この神経根の周りに腫れが起こったり、引抜きのような損傷が起こると、
それぞれの神経がコントロールしている部位に症状が現れます。
神経学的検査などにより、他覚的所見が認められます。
●ムチウチの症状
「むち打ち症」の症状には個人差があり、事故状況や、被害者の体質・年齢
などによっても症状が違ってきます。 事故直後は、脳震盪の症状として短時間の
意識障害を起こすことがあります。 また、重症の場合は、脊髄の周りの腫れや
内出血により手足が麻痺したり失禁したりすることがあり、その場合、進行の
状況によっては手術の必要も考えられます。 頚部の損傷の部位や程度によって
異なりますが、一般的に以下のような症状が出てきます。
➀首、肩、頭部の痛み
➁首の痛みとその周辺(頭部、肩、腕、手など)の放散痛
➂吐き気、嘔吐
➃肩、腕、手などへのピリピリした神経痛
➄首の可動域制限
➅症状が慢性化すると、首のこわばりも加わります。
※以下のような事が起こっている可能性があります。
◦筋肉の損傷、靭帯の損傷、神経の圧迫・損傷、椎間板の損傷、骨の損傷、
血管の損傷、脊髄の損傷・炎症など、様々な症状がでてきます。
◦より細かな症状
➀頸部の捻挫を主とする症状
頚部の筋肉や靭帯、関節包の損傷によるものです。
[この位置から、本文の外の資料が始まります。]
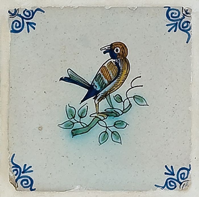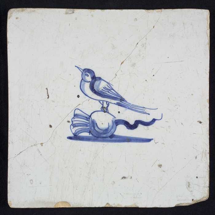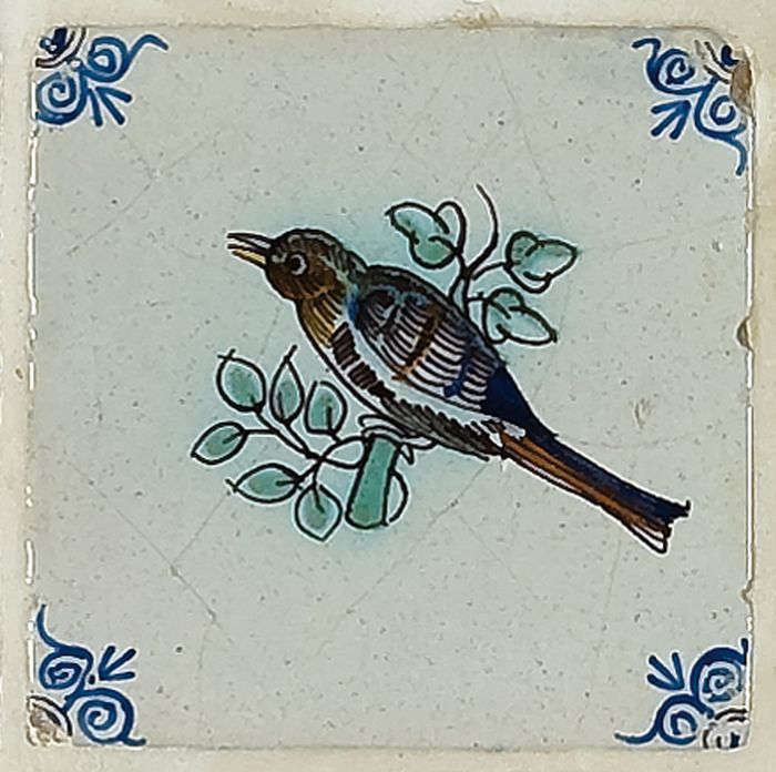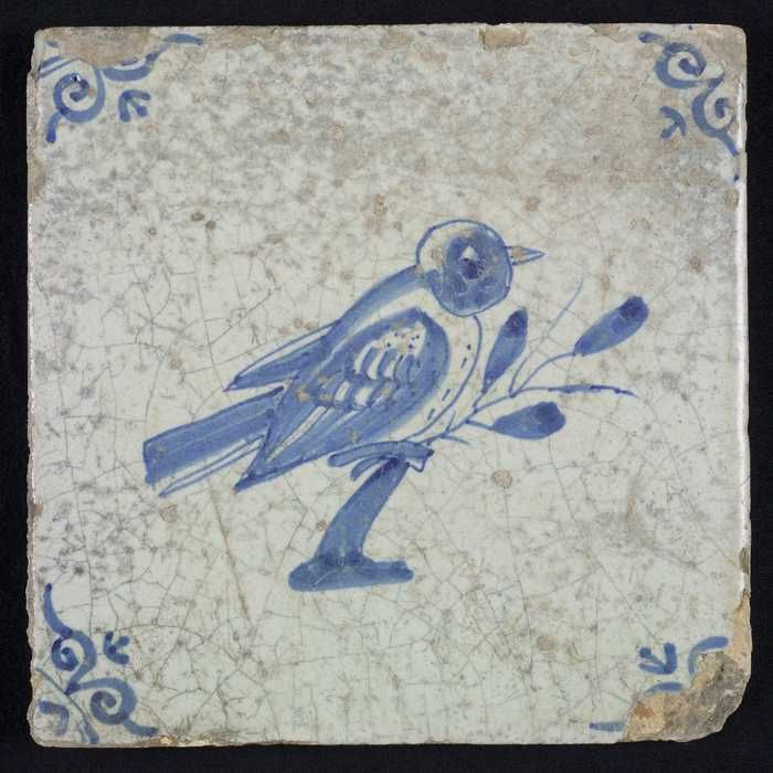 Dierentegel, vogel op tak, hoekmotief ossenkop

脊髄に損傷がなく、
強い自律神経失調症状やはっきりした神経根症状もみられない、
主として頭痛、頚部の疼痛、頚項部筋肉の圧痛、頚部の運動制限を
中心としたものです。
➁神経根の障害を主とする症状
神経根に腫れや引き抜き損傷がおこると、それを支配している領域に
症状がでます。上位頚椎の場合は大後頭神経支配領域の放散痛及び
神経の圧痛、下位の場合は首から肩、腕にかけての放散痛、しびれ感、
上肢の筋力低下、筋萎縮、運動及び知覚障害などが起こります。
スパーリングテスト、ジャクソンテストなどと呼ばれる神経学的検査に
よって、他覚(客観的)所見や皮膚の知覚部位と一致する障害、腱反射
の異常などで診断されます。
➂髄液圧の低下による症状
2000年ごろから知られるようになった「低髄液圧症候群」といわれる
もので、むち打ち症などの外傷により髄液が漏れ、髄液圧が低下すること
です。頭痛、めまい、はきけ、集中力・思考力の低下、脱力感、視力障害
など種々の症状がみられます。
➃自律神経の障害を主とする症状
椎骨脳底動脈の血行不全により、その支配下の視床下部、脳幹部の血流減少
により起こります。首や肩の症状は強くなく、「頭痛、頭重、眼精疲労、
耳鳴り、難聴、めまい、声のかすれ、記憶や集中力の低下」、内臓の症状
として「食欲減退、消化不良、吐き気」などの胃腸障害がみられます。
●ムチウチの治療法
「むち打ち症」の治療は、受傷からの時間的経過により、急性期、亜急性期、
慢性期に分けて行うのが一般的です。「むち打ち症」の70パーセントを占める
といわれる「頚椎捻挫」を中心に治療法を述べていきます。当院では、このことが
関与しているかどうかを見極めながら、手技療法で治療を変えていきます。
ムチウチの治療は当然、時間と期間がかかってきてしまいますので、それを考慮
しながら、治療します。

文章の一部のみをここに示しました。